> DIRECTIONS FOR THIS TASK
Write out the records below from the first line through the line containing "Задняя стенка выставочной", leaving out any pictures.
***** PROVIDED DATA *****
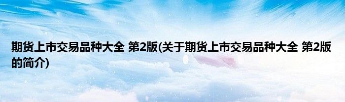 大家好,期货上市交易品种大全 第2版,关于期货上市交易品种大全 第2版的简介很多人还不知道,现在让我们一起来看看吧!
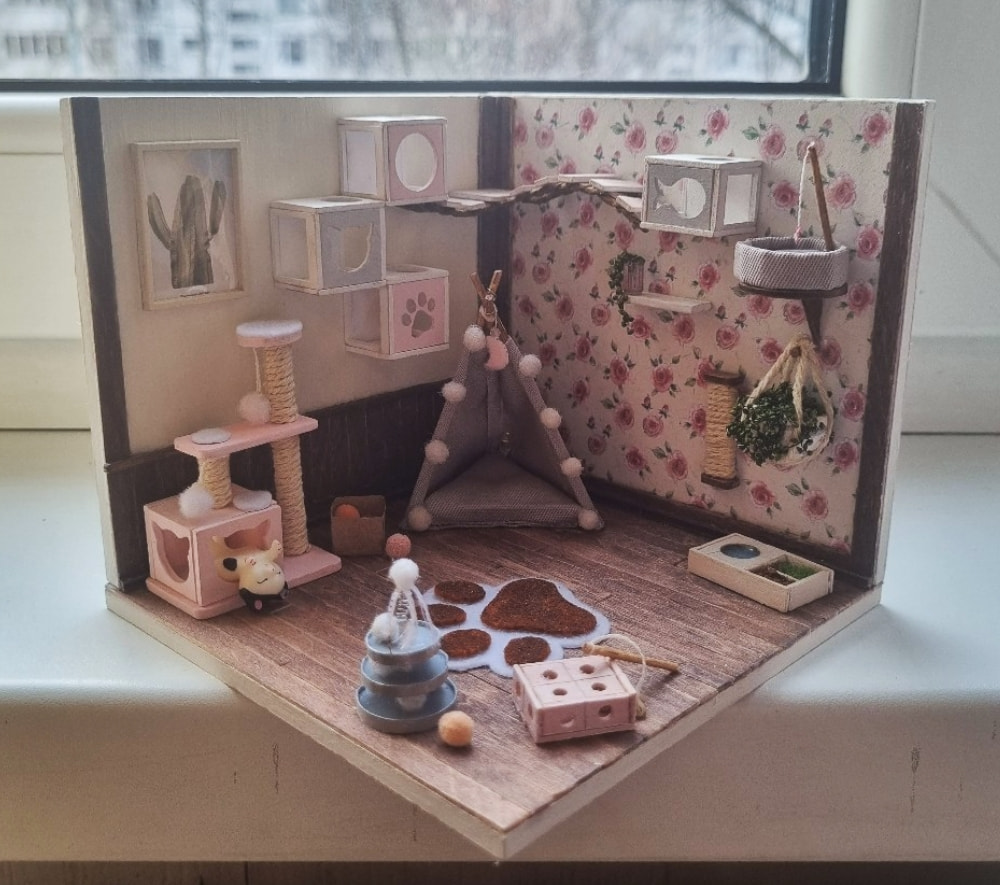 I love how your custom kit turned out, especially the cat tree and the tent! For painting the walls, I heard spray painting them makes it look smoother and even. Incredible job!
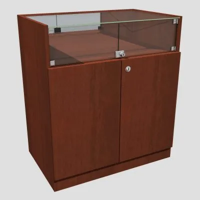 Задняя стенка выставочной части – зеркало, дверцы распашные, в накопителе полкаВитрина-прилавок музейная ПРМ-07
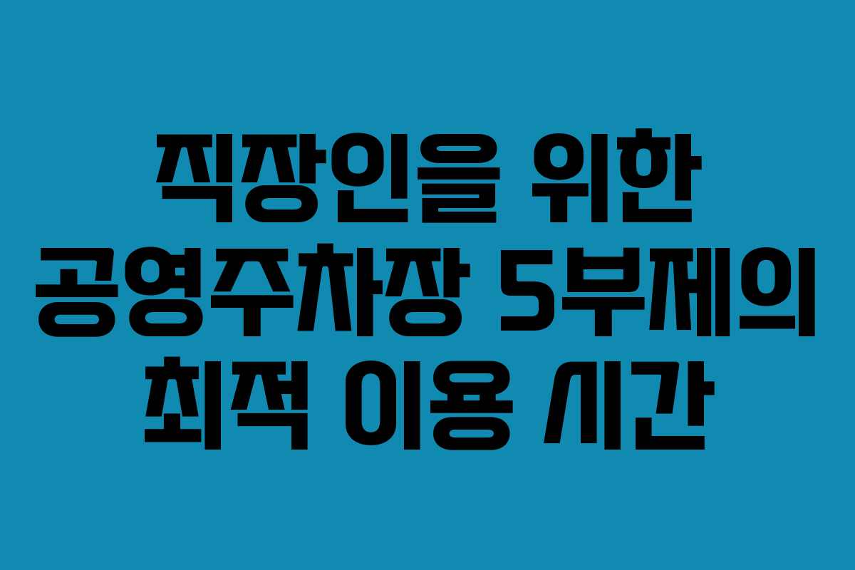 많은 직장인들이 출근할 때마다 느끼는 고충 중 하나가 바로 주차 문제입니다. 특히 도심에서는 주차 공간 부족으로 인해 스트레스를 받는 경우가 많습니다. 그런 가운데, 공영주차장 5부제는 효율적인 주차 관리를 위한 중요한 제도로 자리 잡고 있습니다. 저 역시 이러한 시스템을 활용하면서 많은 경험을 쌓았고, 그 과정에서 얻은 통찰을 여러분과 나누고자 합니다.
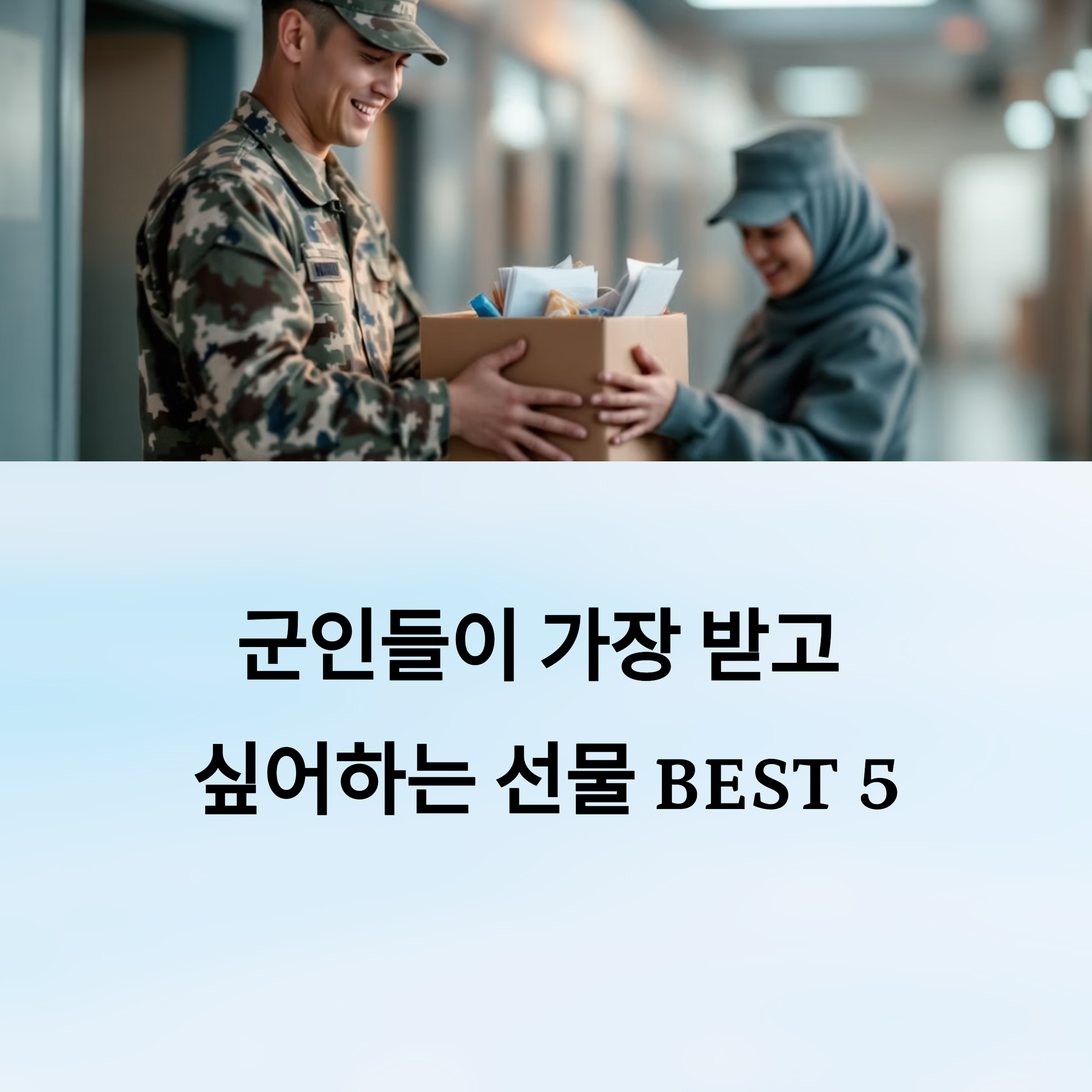 지금부터 군인들이 가장 받고 싶어하는 인기 선물 BEST 5를 소개할게요! ✨
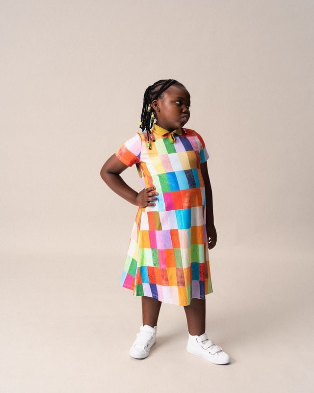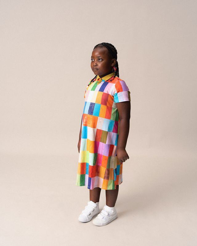 思いつく限りの色を組み合わせた明るく大胆な長方形のデザインで、
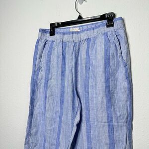 C&C California Women’s Blue Striped Linen Raw Hem Pull On Pants Size M Pockets
*****
> RESPONSE TO THE TASK
 大家好,期货上市交易品种大全 第2版,关于期货上市交易品种大全 第2版的简介很多人还不知道,现在让我们一起来看看吧!
 I love how your custom kit turned out, especially the cat tree and the tent! For painting the walls, I heard spray painting them makes it look smoother and even. Incredible job!
 Задняя стенка выставочной части – зеркало, дверцы распашные, в накопителе полкаВитрина-прилавок музейная ПРМ-07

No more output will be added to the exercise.